Читаем Фронтовые ночи и дни полностью

В этот момент я выбежал перед машиной, крича «Стой!» и размахивая руками. Но в грохочущей свалке шофер уже ничего не видел и не слышал, тем более что ехали мы с потушенными фарами. И вот машина трогает с места, сбивает меня с ног, я оказываюсь на спине, и по мне, прямо по животу, проезжает переднее колесо «шевроле».

Я даже не теряю сознания, только вижу, что на меня надвигается заднее колесо, а на заднем шасси вес установки со снарядами составляет около двух с половиной тонн. Собрав всю волю, едва успеваю перевернуться. Колесо проходит мимо, диффер заднего колеса слегка «гладит» меня по спине…

Солдаты, проходившие мимо, видели эту картину и подняли крик. Машину остановили, мои бойцы забрали меня из-под колес.

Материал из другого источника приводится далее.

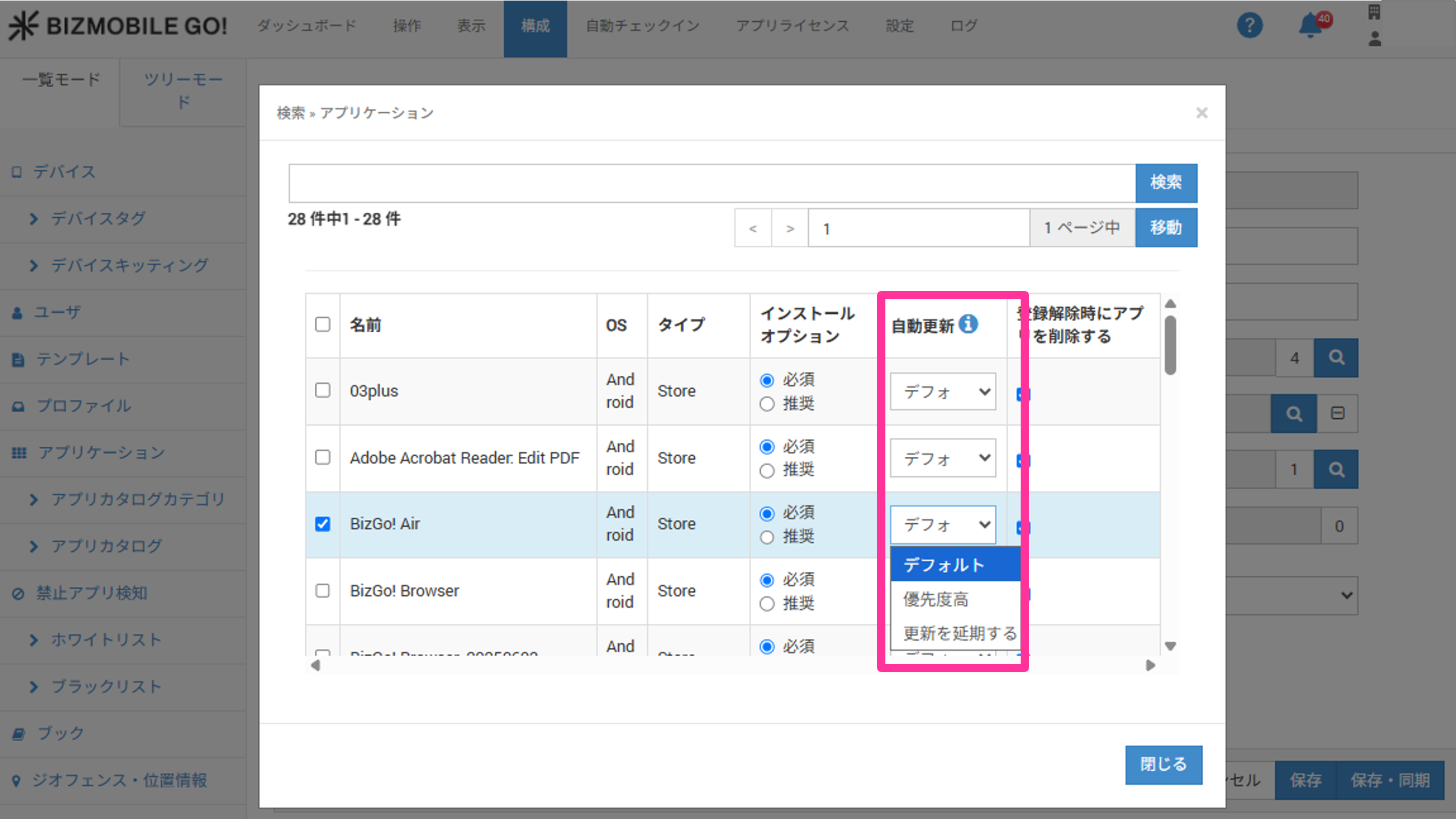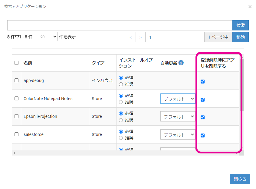 デバイスを登録解除した際、MDMから配付したアプリを削除するか、もしくはそのまま残すかを設定することができます。
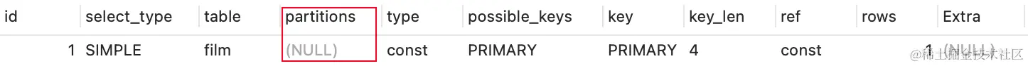 2)explain partitions:相比 explain 多了个 partitions 字段,如果查询是基于分区表的话,会显示查询将访问的分区。

Даю водителю команду развернуться, наводчику задаю прицел, угломер. Едва ворочаю руками (мышцы передавлены). Делаем залп. Затем посылаю командира орудия найти комбрига и доложить о случившемся.

Минут через десять мы повернули к месту дислокации дивизиона. Приехали, а его и след простыл. Встретил нас связной, сообщил, что передислоцировались на хутор Назаровский. Приказываю командиру догонять своих и доложить о случившемся. Сам же ехать не в силах — не могу сидеть, тем более испытывать тряску. Оставляю с собой одного солдата. Командир орудия отдал мне запасную пару белья, а бойцы собрали по своим вещмешкам на пару дней сухарей.

Расположились мы в брошенной землянке. Воды нет, ведра тоже не найдешь. Кое-как с помощью снега привел себя в порядок. Помог солдат. Через двое суток за нами пришла машина, и мы уехали в Назаровский. Снег валил густыми хлопьями, дул сильный ветер, и мы с трудом различали полевую дорогу.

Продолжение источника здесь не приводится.